У меня внутри все похолодело от его слов.
— Что значит не мало времени? Ты это серьезно? Ты опустишься до такой низости, что станешь держать нас взаперти в этом доме? Ты что конченый псих держать в плену малышку?
Склонил голову на бок.
— Ты специально меня провоцируешь при ребенке. Проверяешь степень моего скотства? Я тебя разочарую — при ней не ударю. Я может и мудак, но маленьких детей я не обижаю. Даже чужих.
Как же мы докатились до этого с тобой? Как? У меня в голове не укладывается…Ведь у нас была не просто любовь мы были двумя одержимыми друг другом идиотами… или это я была, а он…он игрался.
— Тогда что тебе нужно?
— Ты до оскомины предсказуемая с этим вопросом. Может удивишь меня и скажешь что-то другое?
— Например, что?
— Например, что ты рада меня видеть и счастлива оказать в моем роскошном доме с прекрасными условиями пребывания для вас обеих. Заметь, я даже побеспокоился о детской комнате.
Мне захотелось истерически расхохотаться, но я этого не сделала ради Маши. Она и так ничего не понимала, хоть и старалась следить за нами. Но в ее возрасте какой бы одаренной она не была читать по губам сразу обоих было невозможно.
— Я бы предпочла жить на улице в картонной коробке и просить милостыню.
Улыбка мгновенно пропала с его лица, и я испытала чувство настоящего триумфа.
— Ты знаешь я настолько ужасен и отвратителен, что не позволю тебе жить в коробке на улице и просить милостыню…но ты можешь торговать собой. Например, продаваться мне за крышу над головой и еду…Или за опытных нянек для твоей дочери.

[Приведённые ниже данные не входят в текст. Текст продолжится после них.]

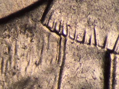 Reverse: Stage A: Short die scratch in the left side of the W in DOORWAY. Stage B: WDDR-004. It is not known whether the Stage A marker is still present. Die gouge above the right side of the O in TO.

Каждым словом, как лезвием по венам, но больнее всего слышать «для твоей дочери». Намного больнее, чем оскорбления и гнусные предложения.
— А что такое? Твоя семейная жизнь настолько не удалась?
Прищурился. Явно не ожидал. Да, Егор, я изменилась. Меня жизнь заставила стать другой. Я больше не та дурочка, из которой можно было веревки вить и убедить сделать что угодно. Ты меня заставил измениться и повзрослеть…а после смерти мамы я сама внутренне превратилась в старуху.
— Удалась. Еще как удалась. Всегда выходит прекрасно ладить с кем-то своего уровня, предназначенного для тебя изначально. Иногда набиваешь много шишек прежде чем находишь ту самую единственную.
Ударил так больно, что мне невольно захотелось прижать руку к сердцу, чтобы убедиться, что оно по-прежнему бьется. Намекнул на то что я была не его круга, не такая, не единственная, не его.
— Ну судя по тому как ты ловко находишь себе замены, она явно не единственная.